Inequality, in all its ugliness, is, if anything, deeper and more entrenched. Today the richest 2 percent of adult individuals own more than half of global wealth, with the richest 1 percent accounting for 40 percent of total global assets. If, in the “golden age” of monopoly capitalism in the 1960s, the gap in per capita income between the richest and poorest regions of the world fell from 15:1 to 13:1—by the end of the twentieth century, the gap had widened to 19:1. From 1970 to 2009, the per capita GDP of developing countries (excluding China) averaged a mere 6.3 percent of the per capita GDP of the G8 countries (the United States, Japan, Germany, France, the United Kingdom, Italy, Canada, and Russia). From 2000 to 2006 (just prior to the Great Financial Crisis), this was only slightly higher, at 6.6 percent. Meanwhile, the average GDP per capita of the fifty-eight or so Least Developed Countries (a UN-designated subset of developing countries) as a share of average G8 GDP per capita declined from 1.8 percent in 1970, to 1.3 percent in 2006. The opening decade of the twenty-first century has seen waves of food crises, with hundreds of millions of people chronically food-deprived, in an era of rising food prices and widespread speculation.
The supreme irony of the internationalization of monopoly capital is that this entire thrust toward monopolistic multinational-corporate development has been aided and abetted at every turn by neoliberal ideology, rooted in the “free market” economics of Hayek and Friedman. The rhetoric invariably promotes human freedom, economic growth, and individual happiness—or “democracy” in popular parlance—on a global scale, with no outposts of “tyranny” remaining. There are, in the Hayekian view, two enemies of this rosy future: labor and the state (insofar as the latter serves the interest of labor and the general population).

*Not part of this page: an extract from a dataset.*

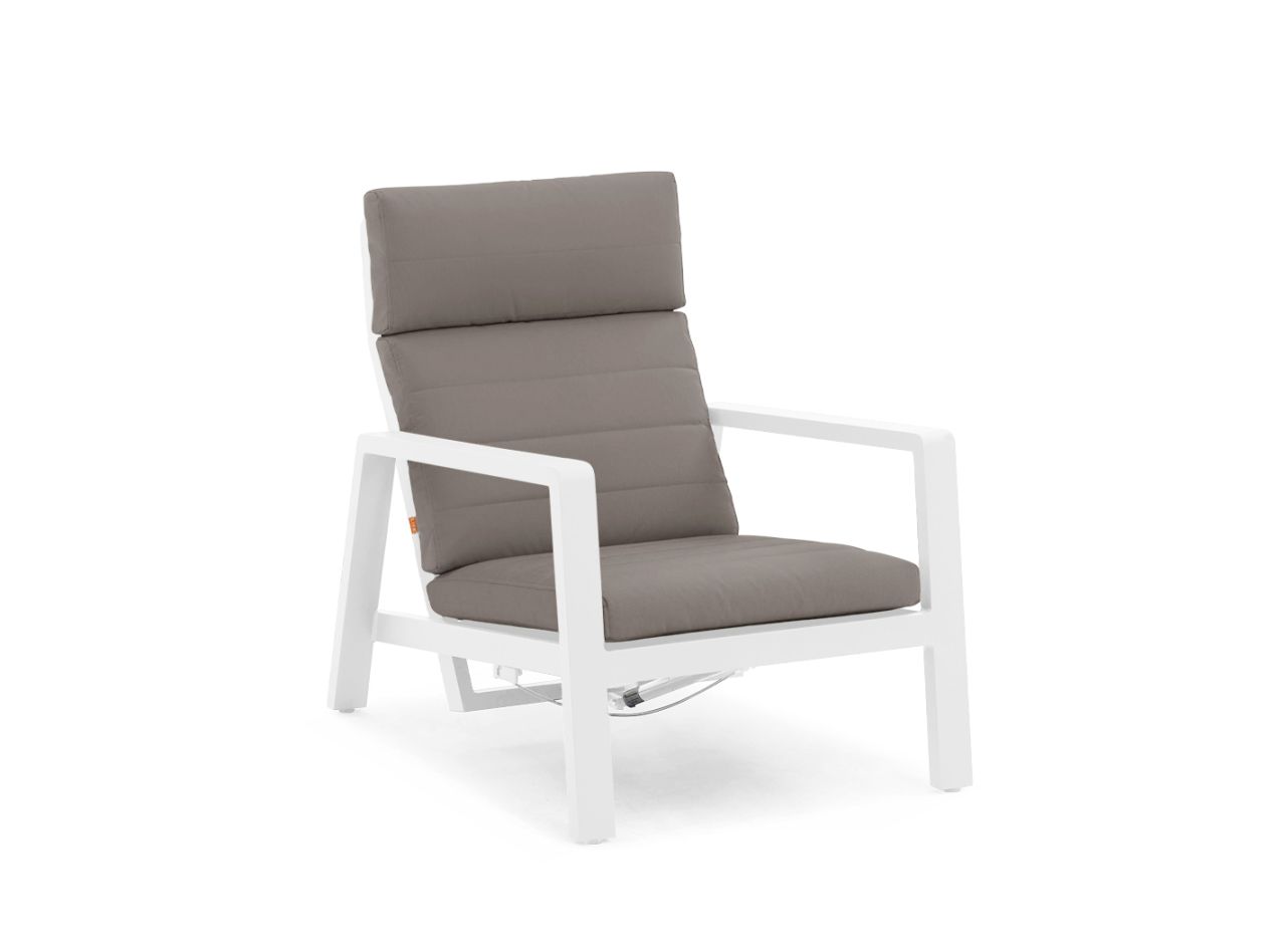 For extra seating comfort, the Laguna lounge chair comes with a Bondi recliner cushion. This thick cushion covers both the seat and backrest, making it easy to store. It is thinner than traditional lounge cushions, but offers excellent support for the neck and head thanks to the high back.

This neoliberal campaign for the internationalization of monopoly capital is not merely an attack on the working class. Rather it must be understood, more broadly, as an attack on the potential for political democracy, that is, on the capacity of the people to organize as an independent force to counteract the power of corporations. With no clear notion they are contradicting themselves, much less denying reality, neoliberals paint a picture of a small “libertarian” state that gets out of the way of individuals, business, and free markets worldwide. Yet, to paraphrase the old calypso song, this millionaire’s “libertarian” heaven is the poor person’s hell.
In fact, state spending across the planet has hardly shrunk. Instead, states increasingly serve the needs of national and international monopoly capital, by aiding and abetting “the take” of their “own” giant corporations—with political elites corrupted by payoffs, which come in innumerable forms. At the same time, these quasi-privatized state systems have become ever more preoccupied with incarcerating and oppressing their domestic populations.